TriMet has 84 bus lines serving the Portland metro area. Visit the TriMet web site for route maps, schedules, and to plan your trip. Look for the green symbols indicating lines with frequent service of every 15 minutes during most of the day, and buses offering 24-hour service.

You’ll find that the buses run fairly well in Portland, and riders are friendly, often times giving a polite “thank you” to the driver as they get off the bus.

How to Ride the Streetcar

Portland’s modern streetcar doesn’t cover the entire city, but it’s very useful for getting around downtown, The Pearl, and the inner east side. There are two lines, the A Loop and the B Loop. The A Loop runs clockwise and connects the east and west sides of the city, making stops in the Pearl district, the Broadway Bridge, Lloyd Center, OMSI, Tilikum Crossing Bridge, and Portland State University. The B Loop stops at the same locations, but moves counter-clockwise. For maps, schedules, and more information, visit the Streetcar’s website.
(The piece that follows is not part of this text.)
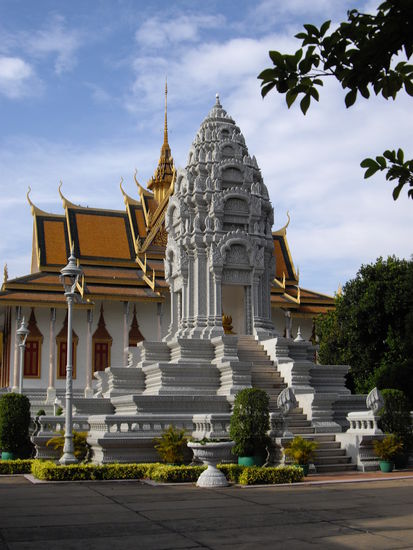 Nach einer kurzen Pause am Nachmittag weiter zum Golden Palace und zur Silver Pagoda. Der Palast ist auch jetzt noch Sitz des Königs und deshalb nur zum Teil zu besichtigen. Die Silver Pagoda hat ihren Namen nach den Bodenfließen, die aus massivem Silber gefertigt sind.

If the streetcar arrives at your stop and the doors don’t open, simply press the button to activate the doors. It does not automatically stop at every station like the MAX does, so be sure to signal the operator when you’re approaching your stop by pushing the yellow stop request button or strip.

Taxis

There’s a long list of taxi companies in Portland. Radio Cab is the city’s most popular, but you can view an exhaustive list here.

Uber and Lyft are both good options for cash-free rides to or from the airport and around the city.

Bike and Scooter Shares

In 2016, Portland launched the Biketown bike-share program in partnership with Nike, and now you see the bright orange cycles all over town. There are more than 1,000 bikes at 100 stations. You can pay as you go ($0.08/minute, plus a $5 sign-up fee), by the month ($19), or the year ($99). Visit Biketown’s web site for more info.

Portland also has a pilot program offering electronic scooter shares from Lime and Spin, and this quick, easy, and cheap way of getting around has been hugely popular.

Car Rentals

Renting a car is a great way to get around Portland, as the most visited parts of city are fairly compact and easy to navigate. Parking isn’t usually much of an issue outside of downtown and the Pearl, which have parking lots where you can pay for a spot if metered parking isn’t available on the street.

Rent a car for a day or a week from national car rental companies like Enterprise, Thrifty, Dollar, Alamo, and Budget. If you need one for less time, check into car-sharing programs like Car2Go and Zipcar, which allow drivers to rent for just a few minutes or by the hour or day.

Tips for Getting Around

Traffic: Portland has had a population explosion in the last several years, and at certain times of day, the roads can’t handle the influx of cars. So don’t be surprised to find traffic backed up throughout the city, especially on the bridges and busy I-5, 205, and 84 during commuting hours. If you’re planning on driving during these roads, it’s always a good idea to check driving apps with live traffic results like Waze before you head out to look at alternate routes.

Parking: Downtown and in The Pearl, parking is always at a premium. There are lots you can pay to park in, but when exploring these neighborhoods, it’s best to do as the locals do and explore on foot or by bike or scooter.